This paper comparatively considers Judith Butler’s and Paul Ricœur’s respective engagements with Greek tragedy to argue that conversion by tragedy is vital for ethics. Paying particular attention to structural evil, I ask what tragedy teaches about ethical living amid the ruins of racism, sexism, classism, militarism, and speciesism. Reading Sophocles and Aeschylus with Butler and Ricœur, I argue that by bringing attention to the overlooked contradictions that characterize human identity and which inevitably complicate action, and by inviting witness to unbearable suffering wrought by superindividual forces, tragedy engenders a re-theorizing of oneself and one’s world that is necessary to nourish ethical responsibility.
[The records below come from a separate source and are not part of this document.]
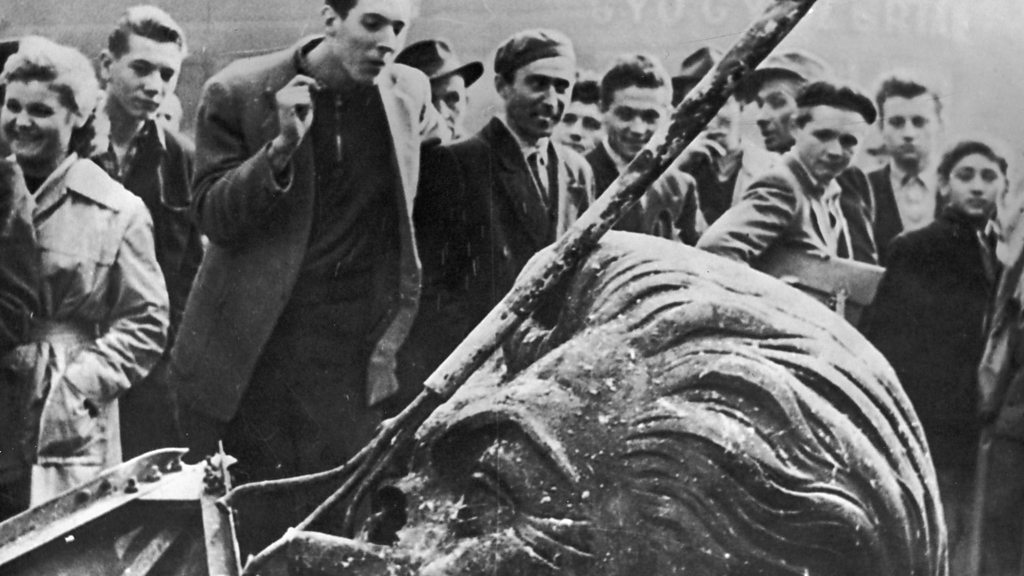 In October 1956 students and workers took to the streets of Budapest to protest at Soviet rule in Hungary. The demonstrations turned violent and for a while the revolutionaries were in control before being brutally repressed. Ed Butler spoke in 2010 to one of the rebels, Peter Pallai. (Photo: November 10, 1956 - A crowd of people surround the demolished head of a statue of Josef Stalin, including Daniel Sego, the man who cut off the head, during the Hungarian Revolt, Budapest, Hungary.) (Credit: Keystone/Getty Images)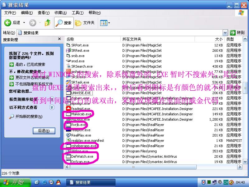 第四:在搜索到的.EXE文件,只要有图标的就不用理会,只要没有图标的,也就是只是中间空白的就需要点击,当点击后,MACFEE就会弹出病毒的消息筐,显示的是删除。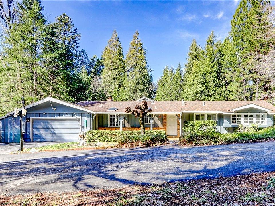 Nestled on just over an acre with lots of mature trees, this 2,458 square foot home offers the ultimate blend of space, comfort & tranquility. Step inside & discover a spacious haven boasting 3 bedrooms & 2 bathrooms, two inviting living areas provide ample space for relaxation & entertainment, two gas fireplaces, while a designated office area offers the ideal environment for productivity & focus. The heart of the home has a well-appointed kitchen, featuring modern appliances, ample counter & cabinet space, & a convenient breakfast table to be a perfect spot for morning gatherings. Outside, the possibilities are endless. Enjoy peaceful evenings under the canopy of mature trees, host lively BBQs on the expansive deck, or indulge your green thumb in the spacious yard. The property also boasts a convenient 2-car garage, workshop area, and storage building, providing plenty of space for all your hobbies and storage needs. Located on a paved road only minutes to shopping & restaurants with a coveted Nevada City address with a perfect blend of privacy & location.

It does so by fostering sensitivity to vulnerability – one’s own and others’ – through a narrative-performative mode, which refuses premature resolutions, and instead “undoes” witnesses into wider perspective. I conclude by pointing to tragic theorizing’s potential to productively approach structural evil without proliferating shame, nihilism, or moral absolutism.
Attached Paper
Annual Meeting 2024
Being Undone, Becoming Responsible: Judith Butler, Paul Ricœur, and the Necessity of Tragic Theory for Ethics
Papers Session: Tragedy and Religious Ethics
Abstract for Online Program Book (maximum 150 words)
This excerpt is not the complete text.